No, we’re optimistic about this diverse collection of companies, and we think investors without dedicated allocations should establish toe-hold positions in developed markets (DM) small-cap equities funded from DM mid- to large-cap peers. To be sure, these companies are more sensitive to changes in economic activity and credit availability than larger firms, meaning equity prices should be expected to be more volatile. But, we believe the better-priced small-cap equities will outperform over a three- to five-year time horizon, as we eventually overcome the current challenging environment.

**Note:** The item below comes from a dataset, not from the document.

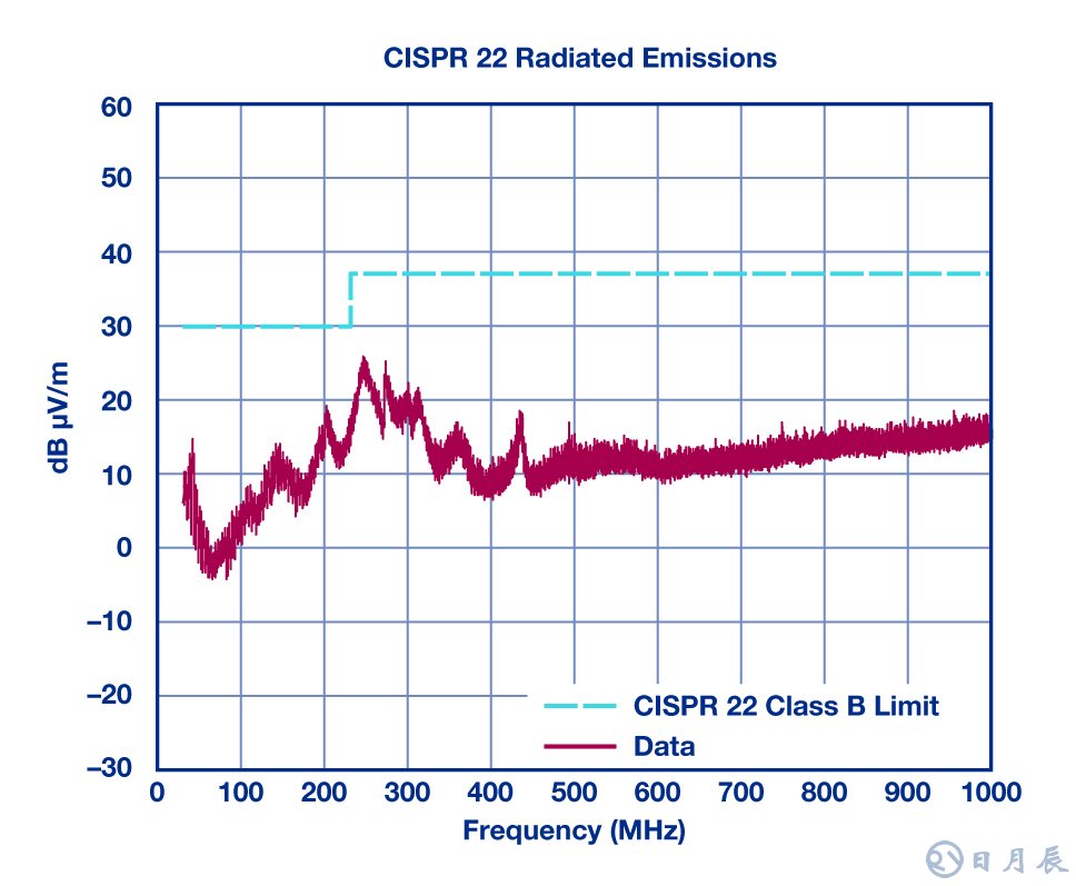 <figure]ADI公司專有的Silent Switcher 2架構通過集成熱回路電容自動抵消EMI,最大限度地減少了噪聲天線尺寸。與集成MOSFET相結合,即使在非??斓拈_關邊沿,也可顯著降低熱環(huán)中存儲的開關節(jié)點振鈴和相關能量。結果是出色的EMI性能,同時最大限度地降低了AC開關損耗。LTC7150S中集成了Silent Switcher 2,可最大限度地降低EMI并提供高效率,極大地簡化了EMI濾波器的設計和布局,是噪聲敏感環(huán)境的理想選擇。LTC7150S通過CISPR22 / 32傳導和輻射EMI峰值限制,前面只有一個簡單的EMI濾波器。圖3顯示了輻射EMI CISPR 22測試結果。

Our interest in small-cap equities is linked to its recent underperformance. As of close yesterday, DM small-cap equities returned -10.1% year-to-date, trailing DM mid- to large-cap stocks by 9.2 percentage points, according to MSCI indexes in local currency terms. Looking further back, the trailing three-year performance differential between these same two indexes is among the widest it has been in the 16 years for which we have data. This reality has had a clear impact on valuations —one small-cap valuation metric we watch closely is trading at a near record deficit relative to larger stocks. 1
But small-cap equities are vulnerable to financial stress. Their customer bases and suppliers tend to be less diverse than those of larger firms, which heightens these companies’ idiosyncratic risks. Furthermore, while most small companies carry levels of debt relative to EBITDA that are similar to larger firms, small companies are more dependent on short-term funding markets, which can dry up in a crisis. 2 To date, central banks have been successful in keeping these markets functioning. Smaller companies also tend to have less of a cushion in case of a fall. In the last 12-month period, only 76% of DM small-cap stocks were profitable, as compared to 90% of the DM mid- to large-cap universe.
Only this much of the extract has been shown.